Most current treatments for SARS-CoV-2 infection involve the use of antibodies to neutralize the virus. However, these antibodies have been found to be less effective for some variants, such as Omicron, as the virus rapidly mutates to avoid neutralization. Researchers at Osaka University and Kyoto Prefectural University of Medicine engineered a decoy ACE2 receptor to neutralize the virus, and found that the decoy was effective against the Omicron variant despite its spike protein mutations.
The engineered ACE2 protein is designed to have a high affinity to the spike protein so that the virus will bind to the decoy instead of the natural ACE2 entryway into cells.

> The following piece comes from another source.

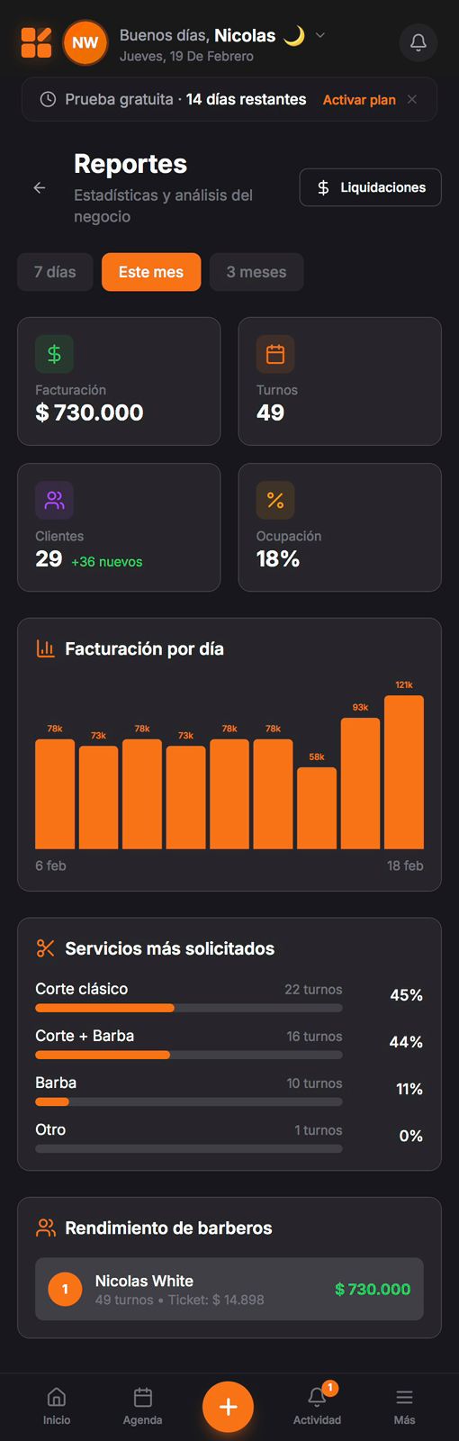 Turnos del día, ingresos de la semana, clientes nuevos, retorno sobre tu inversión. Todo en una pantalla. Actualizado en tiempo real.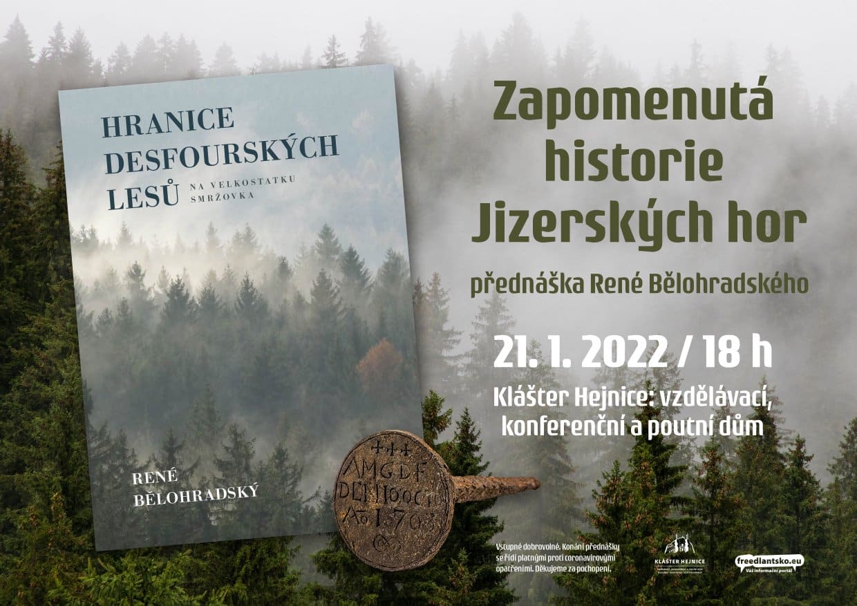 Přednáška René Bělohradského o zapomenuté historii Jizerských hor s prezentací knihy Hranice desfourských lesů.

The researchers had previously shown that decoy ACE2 receptors are effective against both the original virus strain and variants including Alpha, Beta and Gamma. The Omicron variant includes 15 mutations in the receptor-binding domain (RBD) of the spike protein, which have been shown to help it evade neutralization by therapeutic monoclonal antibodies. The effectiveness of the decoy against Omicron was assessed through several methods, including neutralization assays and creation of a homology model for a complex between the Omicron RBD and decoy protein. Additionally, the researchers infected Vero E6 cells with the Omicron virus in the presence of the engineered ACE2, and further infected Syrian hamsters and mice before treating them with the decoy.
The results of the team’s experiment showed that the ACE2 decoy had no loss of affinity due to the Omicron RBD mutations, and that the engineered receptor could protect against Omicron infection in the same way it protected cells against the original Wuhan strain. Hamsters treated with the engineered ACE2 showed significantly reduced levels of viral RNA in their lungs 5 days after infection compared with those that did not receive treatment, and mice that received the decoy treatment had an improved chance of survival compared to untreated mice after 15 days. Neutralization assays showed that ACE2 is not only effective for neutralizing the original strain and Omicron, but also many other variants from Alpha to Mu, as well as some other sarbecoviruses. A deep mutational analysis showed that the engineered ACE2 can effectively prevent escape for each single-residue mutation found in the Omicron RBD. The research was published in Science Translational Medicine.
“The results were very clear. The engineered ACE2 effectively neutralized the Omicron variant of SARS-CoV-2, to a level comparable to that seen with the original Wuhan variant,” said senior author Atsushi Hoshino. “Our findings suggest that ACE2 is a useful therapeutic option for treating a wide variety of SARS-CoV-2 variants, including Omicron.”
Because the engineered ACE2 was found to be able to neutralize other viruses related to SARS-CoV-2, including those that typically affect animals, it is possible that this decoy approach could be beneficial for managing future disease outbreaks, the researchers said.